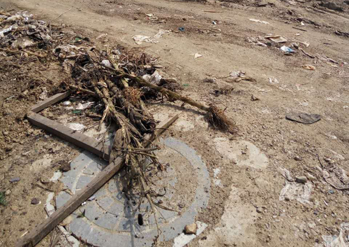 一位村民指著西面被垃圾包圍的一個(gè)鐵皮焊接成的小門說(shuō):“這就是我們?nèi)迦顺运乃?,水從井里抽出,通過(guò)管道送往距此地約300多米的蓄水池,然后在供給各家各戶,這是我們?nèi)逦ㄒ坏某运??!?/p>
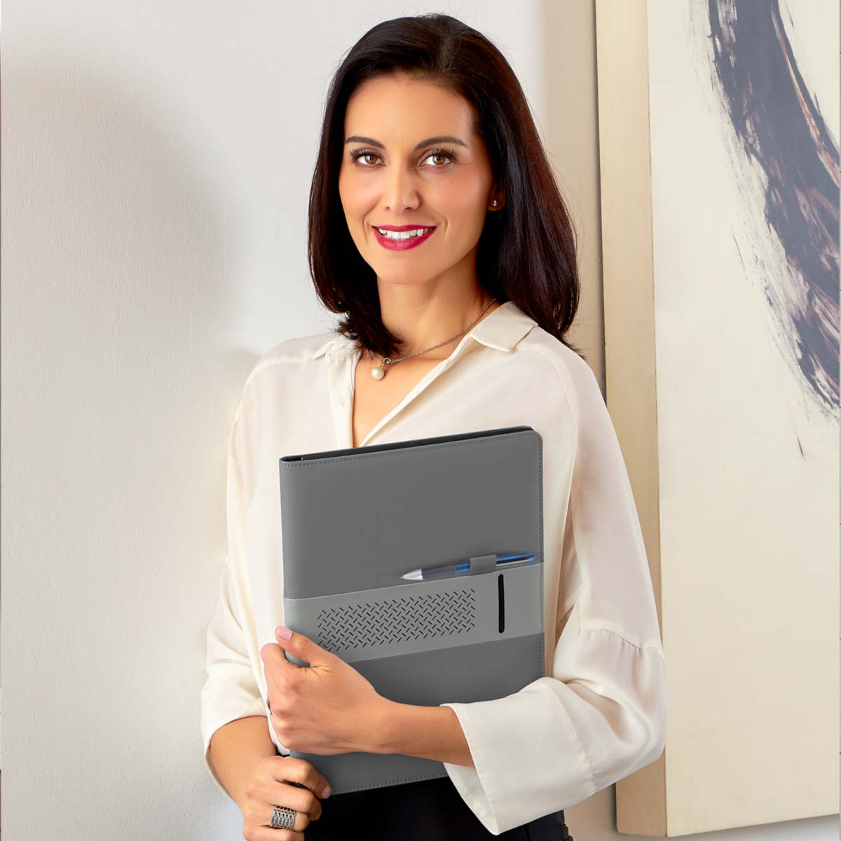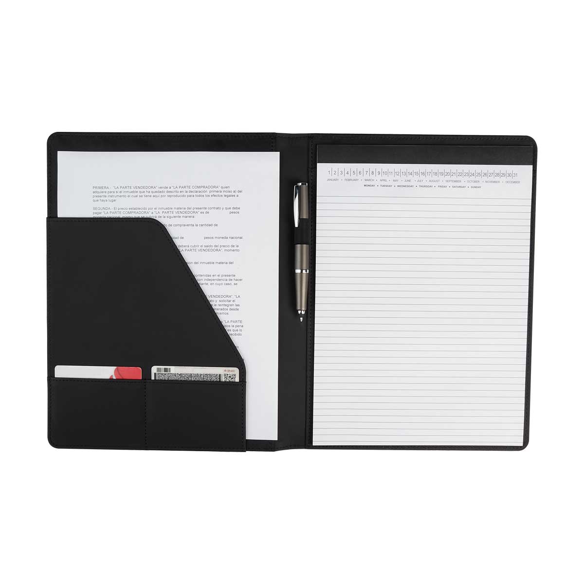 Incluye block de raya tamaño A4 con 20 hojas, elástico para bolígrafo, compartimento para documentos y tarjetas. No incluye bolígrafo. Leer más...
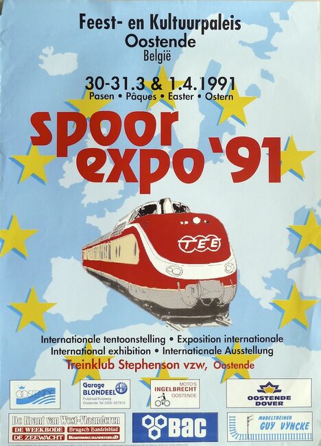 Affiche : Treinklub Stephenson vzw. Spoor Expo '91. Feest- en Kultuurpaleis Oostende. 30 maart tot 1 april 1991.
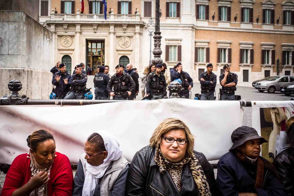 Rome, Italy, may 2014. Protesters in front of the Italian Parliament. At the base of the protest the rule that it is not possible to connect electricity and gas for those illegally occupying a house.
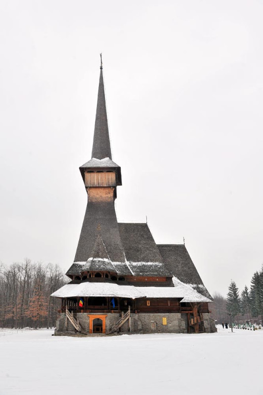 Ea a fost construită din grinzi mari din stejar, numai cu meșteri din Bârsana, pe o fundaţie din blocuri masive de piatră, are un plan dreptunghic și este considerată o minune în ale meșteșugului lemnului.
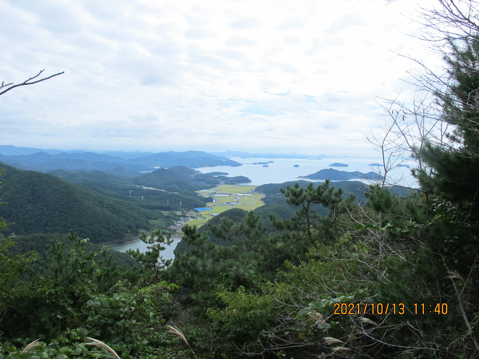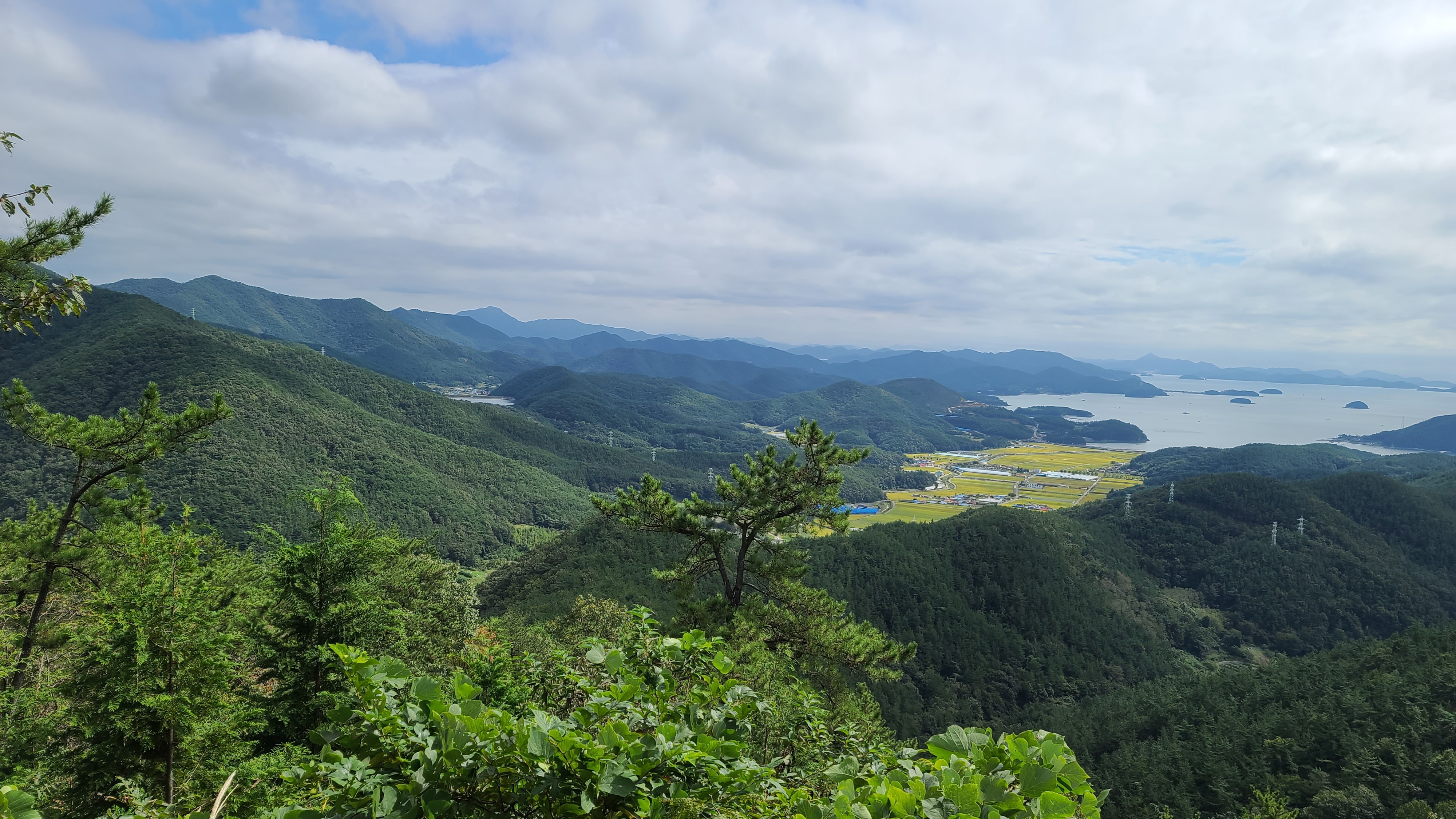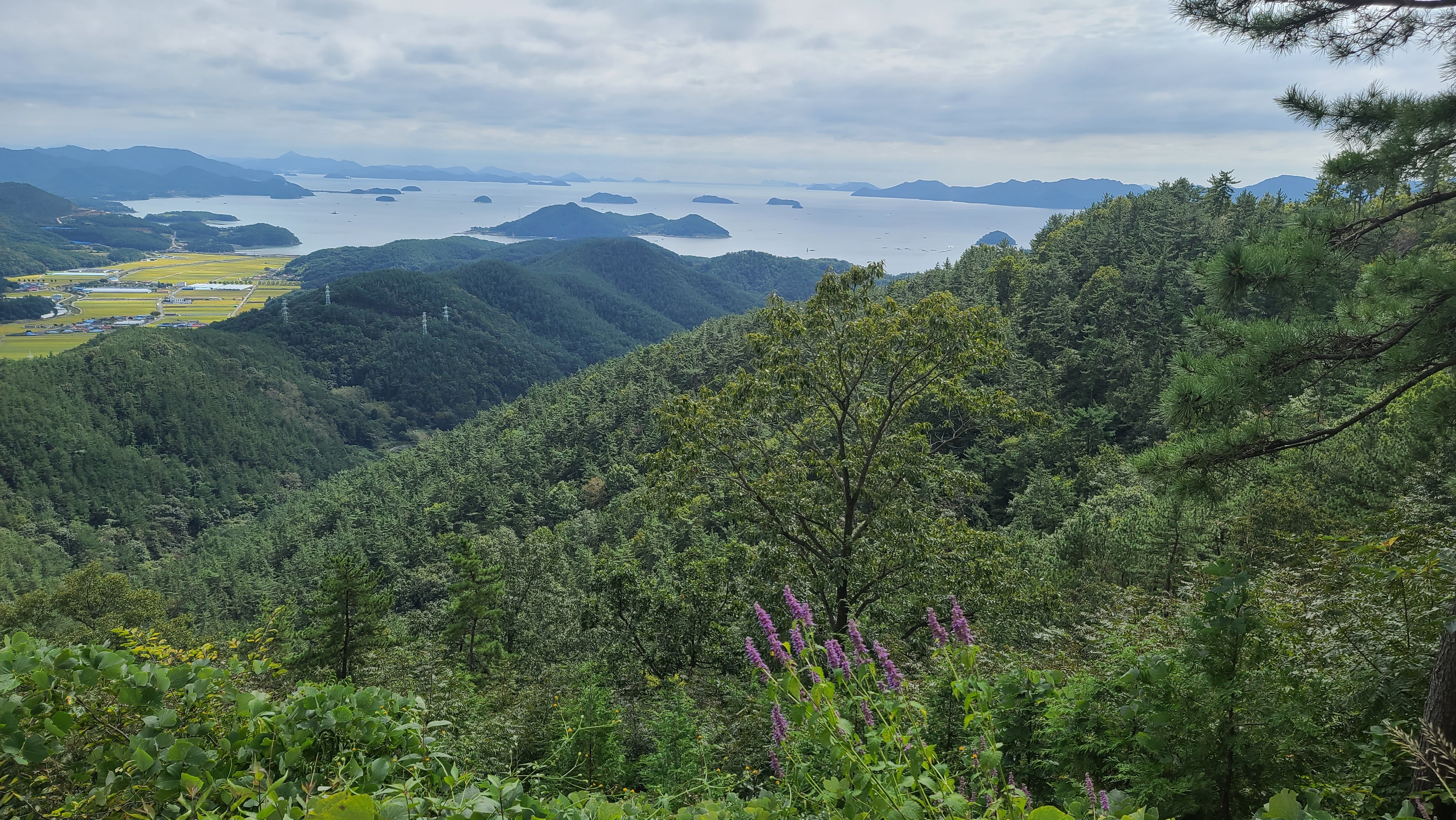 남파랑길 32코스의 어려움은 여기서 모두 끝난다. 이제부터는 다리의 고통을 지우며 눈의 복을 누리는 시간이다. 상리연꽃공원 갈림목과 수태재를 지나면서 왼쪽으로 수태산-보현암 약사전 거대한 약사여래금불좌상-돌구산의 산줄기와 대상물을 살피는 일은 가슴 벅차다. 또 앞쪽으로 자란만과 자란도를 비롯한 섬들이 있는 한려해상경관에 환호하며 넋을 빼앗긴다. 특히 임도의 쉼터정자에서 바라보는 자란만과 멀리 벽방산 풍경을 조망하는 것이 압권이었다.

--

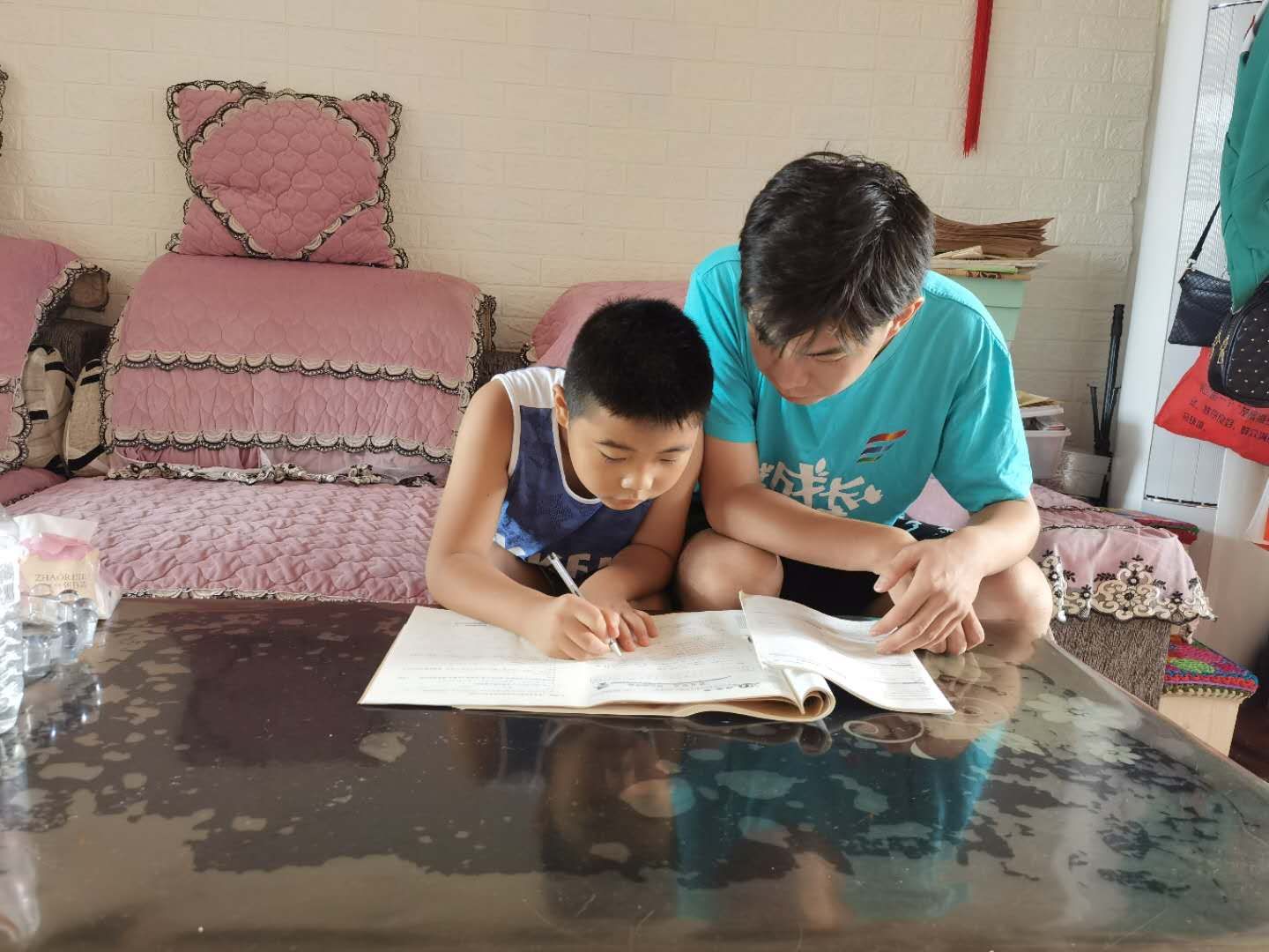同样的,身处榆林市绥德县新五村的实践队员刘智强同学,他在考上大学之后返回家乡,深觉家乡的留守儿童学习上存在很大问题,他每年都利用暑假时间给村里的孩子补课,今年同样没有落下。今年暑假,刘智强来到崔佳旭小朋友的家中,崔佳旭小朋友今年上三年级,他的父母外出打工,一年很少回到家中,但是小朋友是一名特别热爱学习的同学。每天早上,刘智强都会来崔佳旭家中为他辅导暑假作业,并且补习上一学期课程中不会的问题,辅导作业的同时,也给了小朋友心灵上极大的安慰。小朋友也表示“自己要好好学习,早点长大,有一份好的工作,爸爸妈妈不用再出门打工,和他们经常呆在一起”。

* [Exercise goal] Using the entries above, extract exactly the lines from the one that contains "一位村民指著西面被垃圾包圍的" through the one that contains "남파랑길 32코스의 어려움은". Do not carry over any pictures.

* [Worked solution]
 一位村民指著西面被垃圾包圍的一個(gè)鐵皮焊接成的小門說(shuō):“這就是我們?nèi)迦顺运乃?,水從井里抽出,通過(guò)管道送往距此地約300多米的蓄水池,然后在供給各家各戶,這是我們?nèi)逦ㄒ坏某运??!?/p>
 Incluye block de raya tamaño A4 con 20 hojas, elástico para bolígrafo, compartimento para documentos y tarjetas. No incluye bolígrafo. Leer más...
 Affiche : Treinklub Stephenson vzw. Spoor Expo '91. Feest- en Kultuurpaleis Oostende. 30 maart tot 1 april 1991.
 Rome, Italy, may 2014. Protesters in front of the Italian Parliament. At the base of the protest the rule that it is not possible to connect electricity and gas for those illegally occupying a house.
 Ea a fost construită din grinzi mari din stejar, numai cu meșteri din Bârsana, pe o fundaţie din blocuri masive de piatră, are un plan dreptunghic și este considerată o minune în ale meșteșugului lemnului.
 남파랑길 32코스의 어려움은 여기서 모두 끝난다. 이제부터는 다리의 고통을 지우며 눈의 복을 누리는 시간이다. 상리연꽃공원 갈림목과 수태재를 지나면서 왼쪽으로 수태산-보현암 약사전 거대한 약사여래금불좌상-돌구산의 산줄기와 대상물을 살피는 일은 가슴 벅차다. 또 앞쪽으로 자란만과 자란도를 비롯한 섬들이 있는 한려해상경관에 환호하며 넋을 빼앗긴다. 특히 임도의 쉼터정자에서 바라보는 자란만과 멀리 벽방산 풍경을 조망하는 것이 압권이었다.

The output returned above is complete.